A prototype of the submersible vehicles, under development by NASA’s Jet Propulsion Laboratory near Los Angeles, was tested from a U.S. Navy laboratory camp in the Arctic, where it was deployed beneath the frozen Beaufort Sea north of Alaska in March.

“These robots are a platform to bring science instruments to the hardest-to-reach locations on Earth,” Paul Glick, a JPL Robotics engineer and principal investigator for the IceNode project, said in a summary posted on Thursday on NASA’s website.

The probes are aimed at providing more accurate data gauging the rate at which warming ocean water around Antarctica is melting the continent’s coastal ice, allowing scientists to improve computer models to predict future sea level rise.

The fate of the world’s largest ice sheet is a major focus of nearly 1,500 academics and researchers who gathered this week in southern Chile for the 11th Scientific Committee on Antarctica Research conference.

A JPL analysis published in 2022 found that thinning and crumbling away of Antarctica’s ice shelf had reduced its mass by some 12 trillion tons since 1997, double previous estimates.

If melted completely, according to NASA, the loss of the continent’s ice shelf would raise global sea levels by an estimated 200 feet (60 meters).

Ice shelves, floating slabs of frozen freshwater extending miles from the land into the sea, take thousands of years to form and act like giant buttresses holding back glaciers that would otherwise slide off easily into the surrounding ocean.

Satellite images have shown the outer “calving” off into icebergs at a higher rate than nature can replenish shelf growth.

At the same time, rising ocean temperatures are eroding the shelves from underneath, a phenomenon scientists hope to examine with greater precision with the submersible IceNode probes.

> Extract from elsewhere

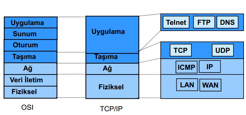 Taşıma katmanı: Bu katmanda verinin nasıl gönderileceği belirlenir. Veri güvenliği, hata kontrolü gibi işlemler yapılır. TCP ve UDP bu katmandadır. TCP klasik veri aktarımında UDP ise medya aktarımında kullanılır. TCP, UDP ye göre daha güvenli fakat daha yavaş çalışır. Çünkü TCP 'de gönderilen her veri paketinin ardından verinin yerine doğru bir şekilde ulaşıp ulaşmadığı kontrol edilir.
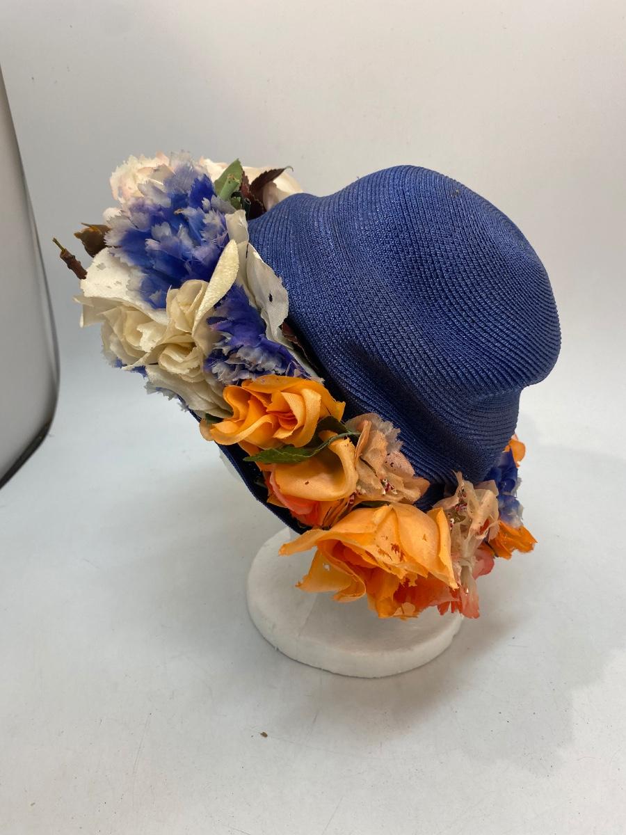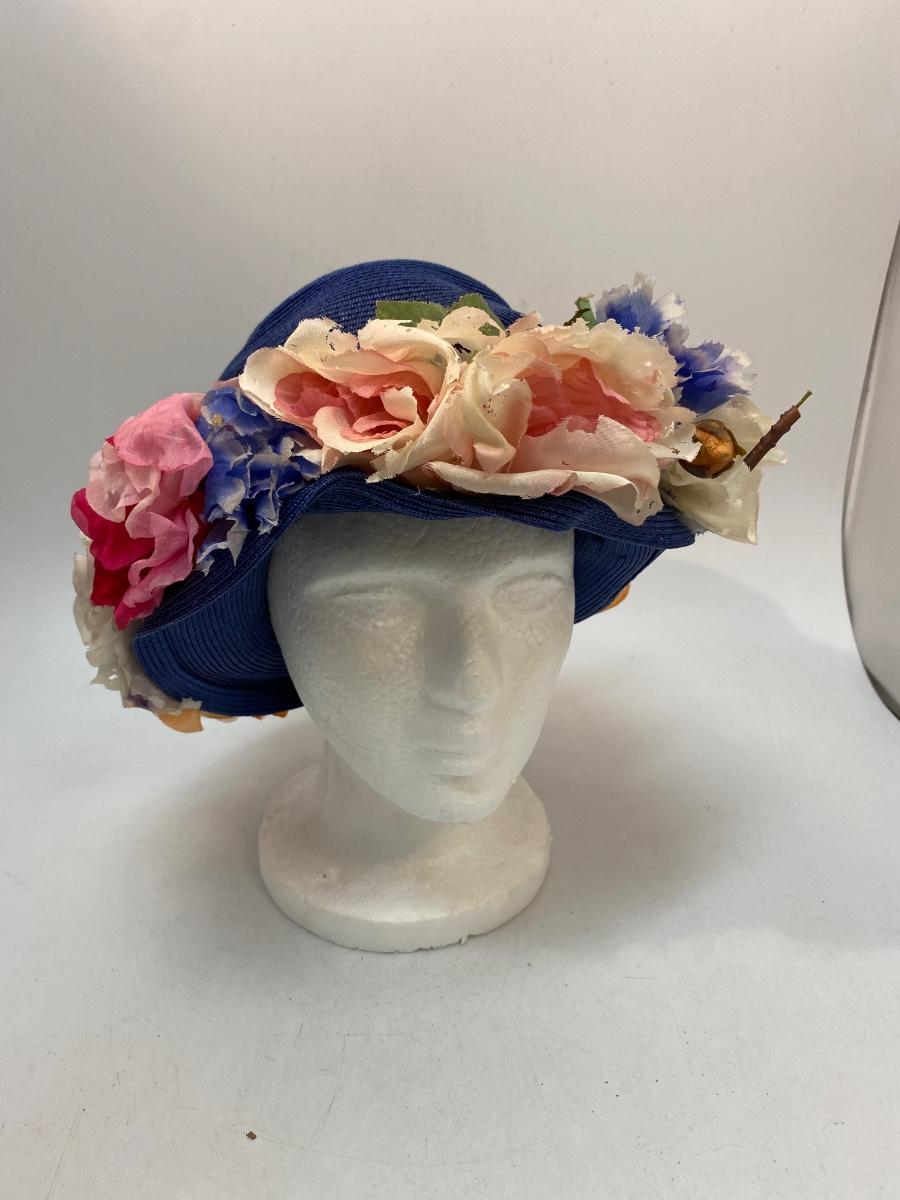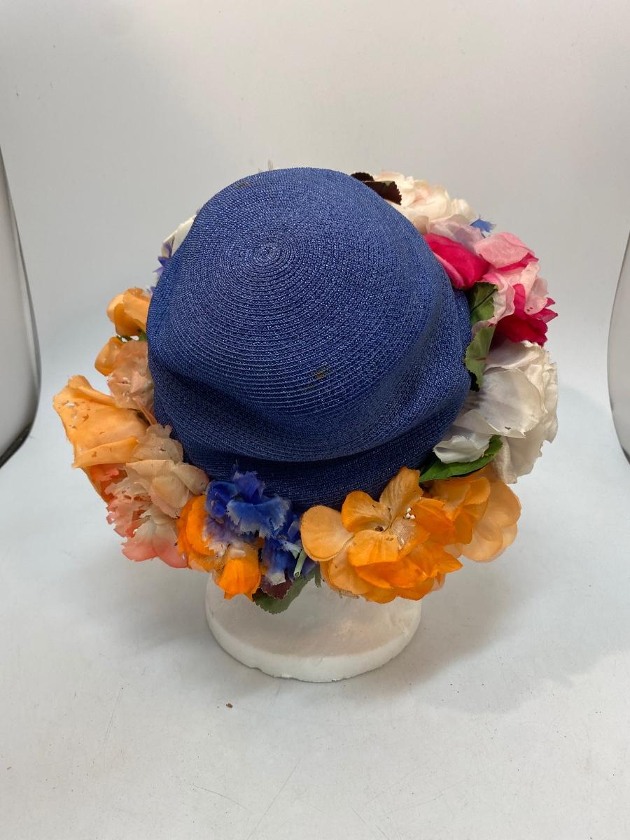 Vintage Blue Straw Like Hat w Faux Artificial Flowers by Evelyn Varon. Royal blue basket weave hat with large faux flowers around the brim. Not sure if flowers were original or added, found a similar Evelyn Varon hat without the flowers. Flowers do have moth holes. Tag inside.

The cylindrical vehicles, about 8 feet (2.4 meters) long and 10 inches (25 cm) in diameter, would be released from boreholes in the ice or from vessels at sea.

Although equipped with no form of propulsion, the robot probes would drift in currents, using special software guidance, to reach “grounding zones” where the frozen freshwater shelf meets the ocean saltwater and land. These cavities are impenetrable to even satellite signals.

“The goal is getting data directly at the ice-ocean melting interface,” said Ian Fenty, a JPL climate scientist.

Upon arrival at their targets, the submersibles would drop their ballast and float upwards to affix themselves to the underside of the ice shelf by releasing three-pronged “landing gear” sprung from one end of the vehicle.

The IceNodes would then continuously record data from beneath the ice for up to a year, including seasonal fluctuations, before releasing themselves to drift back to the open seas and transmit readings via satellite.

Previously, thinning of the ice shelf was documented by satellite altimeters measuring the changing height of the ice from above.

During the March field test, an IceNode prototype descended 330 feet (100 meters) into the ocean to gather salinity, temperature and flow data. Previous tests were conducted in California’s Monterey Bay and below the frozen winter surface of Lake Superior, off Michigan’s upper peninsula.

Ultimately, scientists believe 10 probes would be ideal to gather data from a single ice shelf cavity, but “we have more development and testing to go” before devising a timeline for full-scale deployment, Glick said.